Question

The molecular weight of ${O_2}$ and ${N_2}$ are 32 and 28 respectively. At ${15^ \circ }C$ the pressure of 1 gm of ${O_2}$ will be the same as that of 1 gm of ${N_2}$ in the same bottle at the temperature?
A. $ - {21^ \circ }C$
B. $ - {13^ \circ }C$
C. ${15^ \circ }C$
D. ${56.4^ \circ }V$

Answer 1

Hint: Molecular weight is determined by the atomic mass of the element in the periodic table.

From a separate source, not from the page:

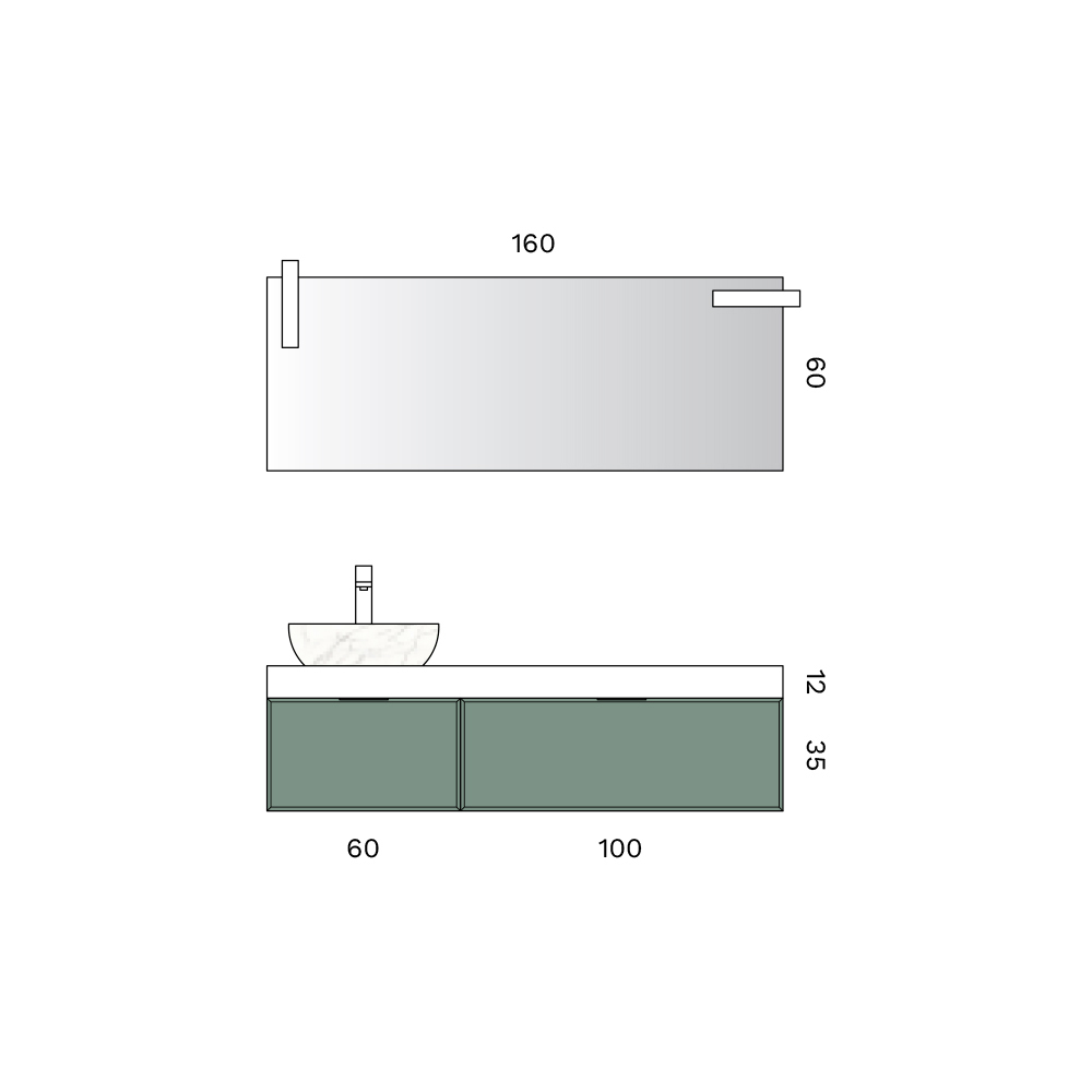 Një kompozim banjoje elegant dhe bashkëkohor , i projektuar për hapësira të rafinuara dhe moderne. Kombinimi i një përfundimi mat me ngjyrë të urtë , sipërfaqeve të lehta dhe detajeve të ndritshme krijon një atmosferë të ekuilibruar dhe relaksuese me një estetikë mbresëlënëse.

When the temperature increases, the molecules of gas that have more kinetic energy strikes the surface of the container with more force.
-Volume and temperature are more effective factors of the gas component.

Complete step by step answer:
The molecular weight of ${O_2}$ is 32 and ${N_2}$ is 28. Here both gases contain the same weight of 1 gm. ${O_2}$ gas strike in the bottle at the temperature of ${15^ \circ }C$ .
We will strike ${N_2}$ in the same bottle in which bottle ${O_2}$ gas strike.
Here we find out the temperature of 1 gm of ${N_2}$ to be filled in the same bottle by using an equation.
An equation given below,
 ${n_1}{T_1} = {n_2}{T_2}$
We put the given values into the above equation.
Temperature of ${O_2}$ = 273+25=298 K
Temperature of ${N_2}$ = (?)
As per $P \propto nT$ , pressure is the same.
So, ${n_1}{T_1} = {n_2}{T_2}$
Here, ${n_1} = \dfrac{1}{{32}}$
            ${n_2} = \dfrac{1}{{28}}$
   \[
  \dfrac{1}{{32}} \times 298 = \dfrac{1}{{28}} \times {T_2} \\
  {T_2} = \dfrac{{28}}{{32}} \times 298 = 260.75K \\
 \]
Temperature in $^ \circ C$ =260.75-273
                                     $ = - {13^ \circ }C$

Hence, the correct option is (B).

Note:
The property of gases changes by factors of temperature, pressure and volume. Robert boyle found the formula for ideal gases. The formula is PV=nRT. He derived PV=constant. Product of the pressure of gas and the volume of gas is constant. We find the temperature with help of molecular weight by using this formula.